Did decreased human movement correlate with a decrease in new infections? In a word, yes. In two words, heck yes. The authors of the study reported that until February 10 the total number of cases outside of Wuhan correlated “remarkably well” with the movement of people out of Wuhan. That means that the provinces that had the largest outbreaks also had the most people that traveled there from Wuhan. The strong association between new infections and the movement of people held even when the researchers factored in increases in testing.
As human mobility dropped after cordon sanitaire and other social distancing measures were put in place, so did new infections. This correlation continued until February 1. After that date, local public health measures seemed to drive the rate of new infections more than just human movement. Are you convinced yet that social distancing works?
Well, if you need more evidence, look at a second study published in Lancet Public Health. For this study, a different research team utilized data on the population of Wuhan, China, and the number of reported COVID-19 cases in the city over time to create a mathematical model. They then used this model to simulate the closures of schools and workplaces that occurred in the city around mid-January 2020 initially due to Lunar New Year and what would happen if these closures were maintained for different lengths of time. The simulation experiments suggested that if the closures had only lasted through the Lunar New Year holidays, there would have been little effect on the spread of the COVID-19 coronavirus.
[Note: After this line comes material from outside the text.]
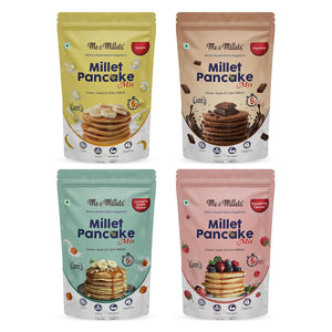 - Me & Millets Caramel and Vanilla, Banana, Raspberry & Chocolate Millet Pancake mix filled with goodness of jowar, kodo & little millets. No wheat and palm oil at all. Have it as a healthy breakfast, snack, lunch or as a dessert after dinner!
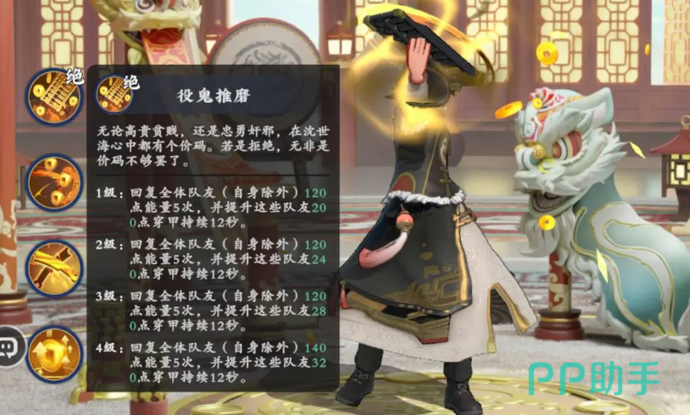 第三位为沈世海——专精真实伤害与穿甲协同的战术引擎。其攻击具备无视防御的特性,并拥有“破竹”效果强化输出效率。当触发迅捷攻击时,可激活能量联动机制:除自身外,为所有队友每10秒提供5次能量恢复,每次恢复120点能量值,大幅提升全队技能释放频率。同时,其绝招可在10秒内削减敌方200点固定防御值,并衔接多段追击,为团队制造高强度破防窗口,尤其适配依赖穿甲叠加的物理输出体系。

But the extended closures that have been maintained since have helped substantially decrease the number of new infections. They also found that if these social distancing measures were to remain fully in place until April, they could reduce the median number of infections by 92% as of mid-2020 and 24% as of the end of 2020. By contrast, re-opening schools and workplaces earlier in March instead could then lead to a new surge in cases.
What’s encouraging about the findings from both of these studies is that something can be done to stop the spread of SARS-CoV2. China is not the only country that has been able to change the course of COVID-19 coronavirus with aggressive social distancing. South Korea and Singapore have also been able to “flatten the curve,” meaning change the shape of the epidemic curve that plots number of cases per day. Just compare what’s happened in these countries with what’s happened in Italy.
These experiences do provide a template for the U.S. and other countries to follow. However, the big question is whether Americans will indeed follow this template in the same way and more aggressively implement social distancing. It may not seem promising with scenes such as this:
Spring breakers play volleyball during a spring break at Daytona Beach after Florida Governor Ron … [+]
SOPA Images/LightRocket via Getty Images
And people already calling to “re-open America” even though social distancing measures have not even been in place throughout the country for long. The U.S. is certainly behind the curve in trying to “flatten the curve,” because social distancing measures haven’t been implemented as early and as aggressively as they were in South Korea and Singapore. Nevertheless, China was behind the curve by January 23, but managed to get on top of the curve within a couple weeks with very aggressive social distancing. This suggests that there is still a window of time for the U.S. to make a positive difference. But keep in mind that the window is closing fast.